» **Exercise description**: Repeat exactly the lines of the entries below from the one with "-上述6种机型中,M-2iA" through the one with "Marino Marea 405, open", both ends included, and nothing else.

» **Data listing**:
• • • •
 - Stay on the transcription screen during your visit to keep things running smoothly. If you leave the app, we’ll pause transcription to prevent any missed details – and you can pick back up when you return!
• • • •
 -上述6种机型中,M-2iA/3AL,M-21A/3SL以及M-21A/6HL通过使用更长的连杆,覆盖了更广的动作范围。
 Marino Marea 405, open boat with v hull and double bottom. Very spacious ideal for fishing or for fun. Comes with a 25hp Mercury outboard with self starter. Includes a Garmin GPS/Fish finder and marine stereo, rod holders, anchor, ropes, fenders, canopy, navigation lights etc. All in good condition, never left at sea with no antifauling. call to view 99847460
• • • •
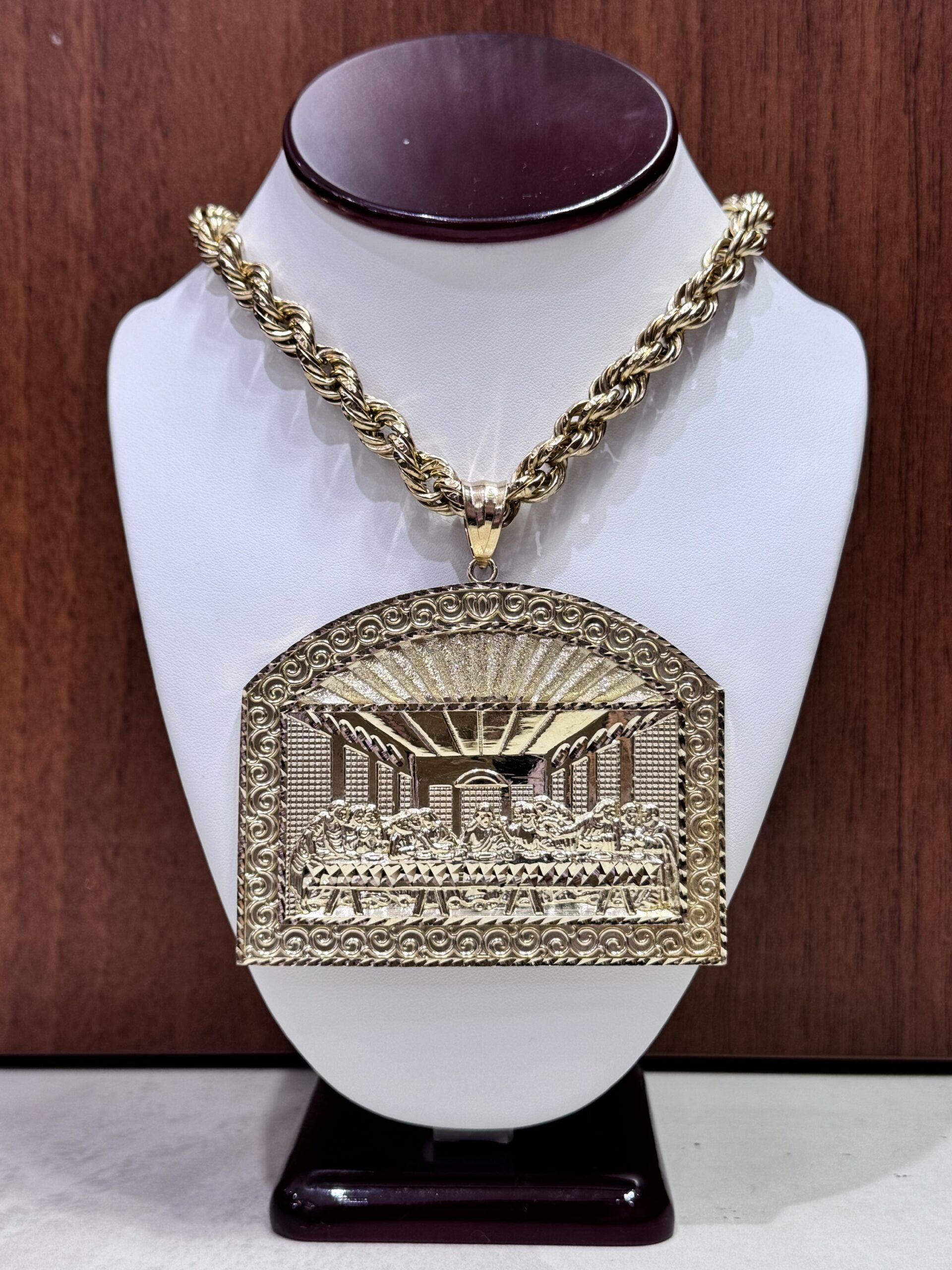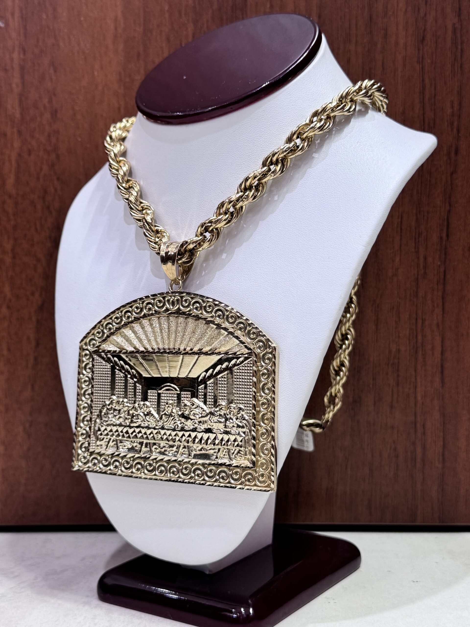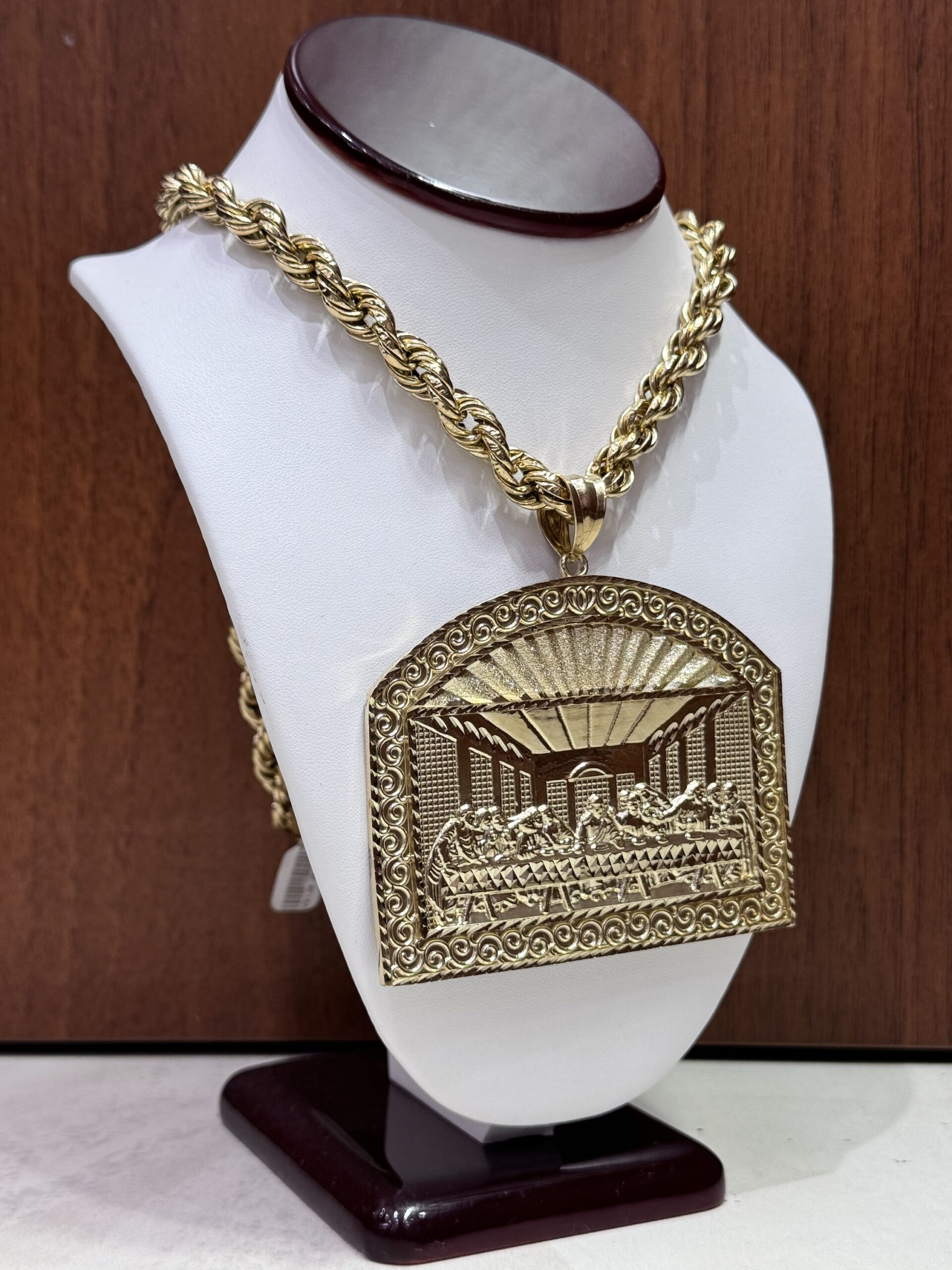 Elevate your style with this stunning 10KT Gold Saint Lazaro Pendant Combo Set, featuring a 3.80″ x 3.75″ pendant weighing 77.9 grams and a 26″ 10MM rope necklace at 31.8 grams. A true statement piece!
• • • •
» **Exercise result**:
 -上述6种机型中,M-2iA/3AL,M-21A/3SL以及M-21A/6HL通过使用更长的连杆,覆盖了更广的动作范围。
 Marino Marea 405, open boat with v hull and double bottom. Very spacious ideal for fishing or for fun. Comes with a 25hp Mercury outboard with self starter. Includes a Garmin GPS/Fish finder and marine stereo, rod holders, anchor, ropes, fenders, canopy, navigation lights etc. All in good condition, never left at sea with no antifauling. call to view 99847460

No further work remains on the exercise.